Visitor Pattern Guide v2.23.0¶
This guide shows how to create custom visitors that modify HTML-to-Markdown conversion behavior. Visitors let you intercept specific HTML elements and control their output without modifying the library.
For the conceptual overview, see Visitor Pattern Concepts.
Basic Visitor Example¶
The simplest visitor implements one or more visit_* methods.
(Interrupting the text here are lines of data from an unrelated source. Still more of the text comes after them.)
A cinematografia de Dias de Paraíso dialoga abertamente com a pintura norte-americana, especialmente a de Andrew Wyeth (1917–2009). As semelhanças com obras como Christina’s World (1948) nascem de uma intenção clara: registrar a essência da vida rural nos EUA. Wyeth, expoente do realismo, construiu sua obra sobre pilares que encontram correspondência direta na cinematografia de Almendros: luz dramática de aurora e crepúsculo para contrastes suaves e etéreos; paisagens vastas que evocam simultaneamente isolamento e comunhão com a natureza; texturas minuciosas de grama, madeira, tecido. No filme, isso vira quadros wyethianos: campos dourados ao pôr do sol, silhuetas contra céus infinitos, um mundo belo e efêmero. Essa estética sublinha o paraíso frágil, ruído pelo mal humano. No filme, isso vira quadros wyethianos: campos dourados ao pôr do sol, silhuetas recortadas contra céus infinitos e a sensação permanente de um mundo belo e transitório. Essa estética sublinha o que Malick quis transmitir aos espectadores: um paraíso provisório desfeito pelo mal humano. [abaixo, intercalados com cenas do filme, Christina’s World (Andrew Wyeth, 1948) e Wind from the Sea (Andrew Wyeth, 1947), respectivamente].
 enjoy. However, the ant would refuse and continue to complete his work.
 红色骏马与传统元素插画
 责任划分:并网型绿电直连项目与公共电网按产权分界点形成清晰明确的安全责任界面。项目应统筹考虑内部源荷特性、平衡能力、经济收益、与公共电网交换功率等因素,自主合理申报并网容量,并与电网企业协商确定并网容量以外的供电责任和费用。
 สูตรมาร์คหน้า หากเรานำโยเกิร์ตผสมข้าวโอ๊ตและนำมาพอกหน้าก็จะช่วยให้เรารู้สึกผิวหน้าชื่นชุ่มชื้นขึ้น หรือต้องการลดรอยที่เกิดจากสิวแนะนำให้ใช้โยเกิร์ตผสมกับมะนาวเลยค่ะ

Each method receives context about the current element and returns a result indicating how to handle it.
from html_to_markdown import convert_with_visitor
class CustomVisitor:
def visit_link(self, ctx, href, text, title):
# Custom link handling
return {"type": "continue"}
def visit_image(self, ctx, src, alt, title):
# Custom image handling
return {"type": "continue"}
markdown = convert_with_visitor(html, visitor=CustomVisitor())
import { convertWithVisitor } from '@kreuzberg/html-to-markdown';
import { Visitor, NodeContext, VisitResult } from '@kreuzberg/html-to-markdown';
const visitor: Visitor = {
visitLink(ctx: NodeContext, href: string, text: string): VisitResult {
// Custom handling for links
return {
type: 'custom',
output: `[${text}](${href})`,
};
},
visitHeading(ctx: NodeContext, level: number, text: string): VisitResult {
// Custom handling for headings
return {
type: 'continue',
};
},
};
const markdown = convertWithVisitor('<h1>Title</h1><a href="url">Link</a>', {
visitor,
});
require 'html_to_markdown'
class MyVisitor
def visit_link(ctx, href, text, title = nil)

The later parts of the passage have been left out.